The farm in East Palatka itself emerged out of these ideas. TenBroeck first arrived as a consultant, then became majority owner in 2019. The workers at the farm are short of housing, herself included. She was connected to Jim Jacoby, the Atlanta-based developer with deep ties to Marineland (he once owned the dolphin attraction there) and Palm Coast. He offered housing for TenBroeck and her workers in may 2020. The workers eventually found places elsewhere. TenBroeck stayed, joined the Marineland City Commission, and was eventually named mayor. She has no intention of leaving the town (pop. 12). “Jim and I talked a long time about how to make Marineland a more scientific habitat, kind of as a live, work, play for scientists,” she said. That may be a more distant ambition.
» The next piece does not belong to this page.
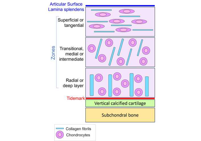 Articular cartilage is a specialized connective tissue, primarily composed of an extracellular matrix (ECM) rich in type II collagen and proteoglycans (glycosaminoglycans), along with smaller amounts of glycoproteins and other non-collagenous proteins [18, 22]. Its only resident cells are chondrocytes, which rely entirely on nutrient diffusion from synovial fluid because the tissue lacks vascular, neural, and lymphatic supply [18, 20, 22–25]. Structurally, cartilage is organized into distinct zones: a superficial layer with flattened chondrocytes and collagen fibrils aligned parallel to the surface; an intermediate zone containing rounder cells and obliquely oriented fibers; and a deep zone characterized by columnar chondrocytes and perpendicular collagen bundles [18, 22, 24–27] (See Figure 1). The tidemark, which is rich in proteoglycans, separates these layers from the underlying calcified cartilage, where hypertrophic chondrocytes anchor the matrix to the subchondral bone [18]. This zonal architecture is critical for distributing load and minimizing friction during joint motion [26]. The ECM is composed predominantly of type II collagen, with type XI collagen contributing to fibrillar organization, while proteoglycans such as aggrecan, hyaluronic acid, and chondroitin sulfate fill the interfibrillar space [22, 28–30]. Together, these components provide the mechanical stability and resilience characteristic of healthy articular cartilage [22, 24, 25, 30].

Farming is not. “I believe that we can solve hunger and, you know, nutrition issues, by building farms, what I call hyperlocal,” she says. “All I can say to you is that, I know that we can grow high quality foods, I know that we could put a facility and then we could have people who want to come in and learn. And so we just have to be mindful of that. We have to do this in a way that’s logical and sustainable. That’s really my plan. We are specially positioned to do some stuff differently.”
Joan says
What an exciting endeavor! The world needs both people and ideas/efforts like this. Congratulations Ms. TenBroeck! This is well deserved recognition for what can change the outcomes for so many. Thank you!
Jennifer M Wilson says
What! Congratulations Angela! I had no idea I was sitting next to such a celebrity! Your ambition is to be admired! Glad I met you. Merry Christmas. Sounds like you will have an awesome 2022! Jennifer
Gail says
Congratulations Angela I have known you since you were a child and knew that you were special and always cared about others. I told you that you could do anything you put your mind to and you’ve made a wonderful contribution to help everyone and improve our planet. I’m very proud of you keep up the good work. Great article you certainly deserve the recognition.
Gail
Carol Coren says
Northeast Florida is lucky to have a visionary and capable farmer entrepreneur like Angela Tenbroeck as a resident, farmer and social enterprise entrepreneur. She always thinks about triple bottom lines: profit is with little purpose to her if it is not attached to advancing opportunities for people and improving the prospects for the planet. Kudos to the state for recognizing her accomplishments and for acknowledging the role that Controlled Environment Agriculture now plays in keeping Americans well fed.